It wasn’t supposed to be this difficult. Merely tweaking a former New Year’s resolution to create a new one should be the proverbial walk in the park. But clearly, I wasn’t prepared for the, uh, “inconveniences” of my particular undertaking. So it goes when you commit to drinking a dozen glasses of water a day instead of ten.
(Hey, give me a sec’… I’ll be right back.)
Are you a New Year’s resolution kinda person? Do you sit down towards the end of the holidays and pen (or pencil, for you not-so-brave) a list of gonna-do’s for the coming year? Me, I’m on the fence with the whole promises-promises thing. Sure, turning the calendar from December to January evokes a fresh start; I’m just not convinced I must be “resolute” in the process. I prefer casual, undocumented, safe-zone agreements. Gonna eat better. Gonna get to the gym more. Gonna read a bunch of new books. Whether I blow them out of the water or just achieve slightly better than last year, I win!
The water thing, though. Why-oh-why did I read my latest fitness club newsletter and choose to drink their Kool-Aid? (Wait, hang on… the phone’s ringing… it’s Nature again.)
Forget the glittering generality of eight-glasses-per-day. Not only is the rule passé, it holds no water. Eight glasses is simply too generic for the myriad human bodies out there. Ditto downing “half your weight in ounces of water” – too generic. On the other hand, a pile of research and scientific evidence in my newsletter suggested the following: Men should consume 15.5 cups (3.7 liters) of fluids per day, while women should consume 11.5 cups (2.7 liters).
Now then, “fluids” includes all liquids swallowed in a day, so right away we have an appealing math problem. Fluids from foods = 20% (just go with it), so my 15.5 cups instantly evaporate to 12.4. A cup of coffee in the morning and a glass of wine in the evening can also be subtracted (don’t believe the dehydration claims – they don’t hold water).
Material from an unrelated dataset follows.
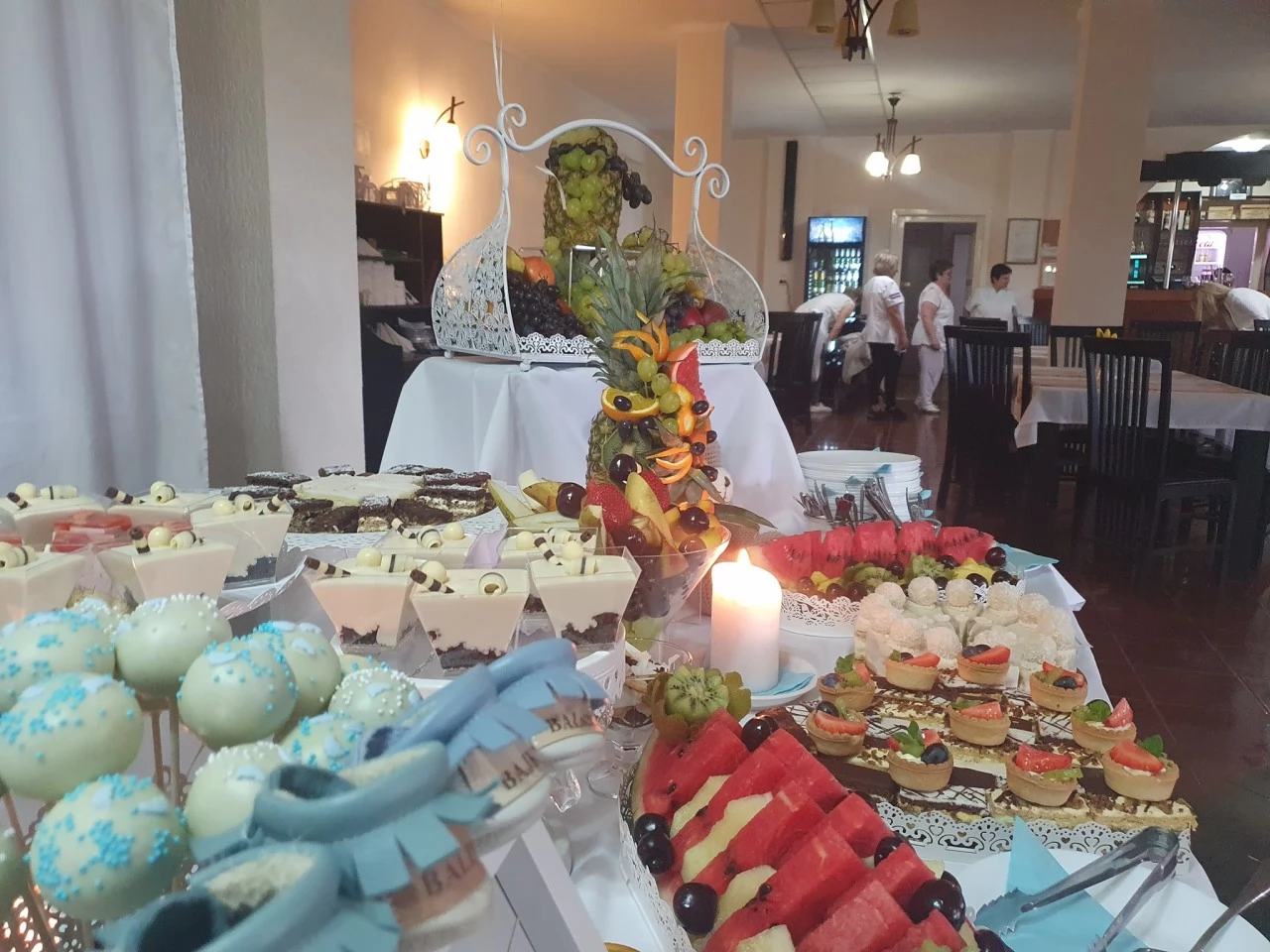 - Muzică live cu DJ, meniu cu bufet suedez, candy bar coltul băuturilor, foc de artificii.

However – and here we pause the calculator – I can’t escape the negative impacts of a) regular exercise (I sweat like a baby rainstorm), b) environment (Colorado = high altitude = dehydration), and c) breathing. Those three moisture-robbers elevate me back to 12.4 cups. Maybe I should stop breathing – that’s worth at least the 0.4 cup.
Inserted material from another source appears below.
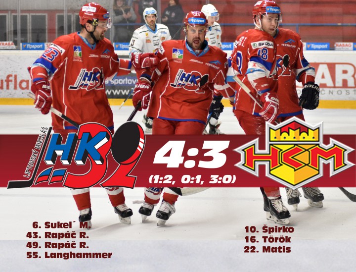 MHK 32 Liptovský Mikuláš – HKM Zvolen 4:3 (1:2, 0:1, 3:0)
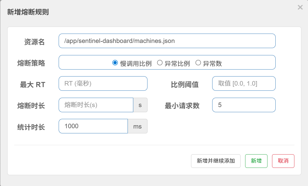 熔断操作也可以在 Sentinel 进行配置,点击熔断之后就会弹出下面窗口:

Ten cups a day – now that’s navigable waters in my book. I start the morning with two (supposedly a good habit) as I wash down my multi-vitamin. I drink another two mid-morning, another two at lunch, another two or three in the afternoon, and one at dinner. But twelve cups? How the heck do I jam another two into my schedule? More importantly, where to I find the extra time to uh, um… (a little patience here, I need to talk to a man about a horse).
Time to get personal (as if we haven’t been already). When I morphed from child to teenager to full-grown adult, my body parts grew accordingly, EXCEPT my bladder. That little balloon remains the same size as when I was born – I’m sure of it. The bladder is a remarkable organ, “capable of expanding from 2 to 6 inches with a capacity of 16 to 24 ounces”. MY bladder is capable of expanding to 2 inches (a guess) with a capacity of 16 ounces (another guess). And here’s the best part. The urge to urinate comes when the bladder is one-quarter full. Whose idea of a cruel joke is THAT? Do the math on me and I’m only halfway through cup #1 before I’m scheduling time with the porcelain goddess. Speaking of the goddess, uh… (hold tight while I go water the flowers).
About these down-the-hall interruptions: is it just me or does the sound of running water “accelerate” the process? In my twelve-cups-a-day world, I continue to brush my teeth, make a cup of coffee, refill the dog bowl, refill the bedroom humidifier, and refill water bottles every time I go to the gym. You’d better believe every one of those tasks has me wanting to go powder my nose – and I really don’t powder my nose if you know what I mean. Gee whiz (for God’s sake, don’t say WHIZ!), can’t a guy catch a break that doesn’t have the word “bathroom” in front of it?
My fitness newsletter also claimed, “women who are pregnant or are breast-feeding need additional fluids to stay hydrated”. Bless my stars, I am not a woman. But seriously, twelve cups? I’ll be moving my laptop into another “office” in my house before I know it. There’s more to say on this topic but it’s gonna have to wait because… (I need to make a pit stop).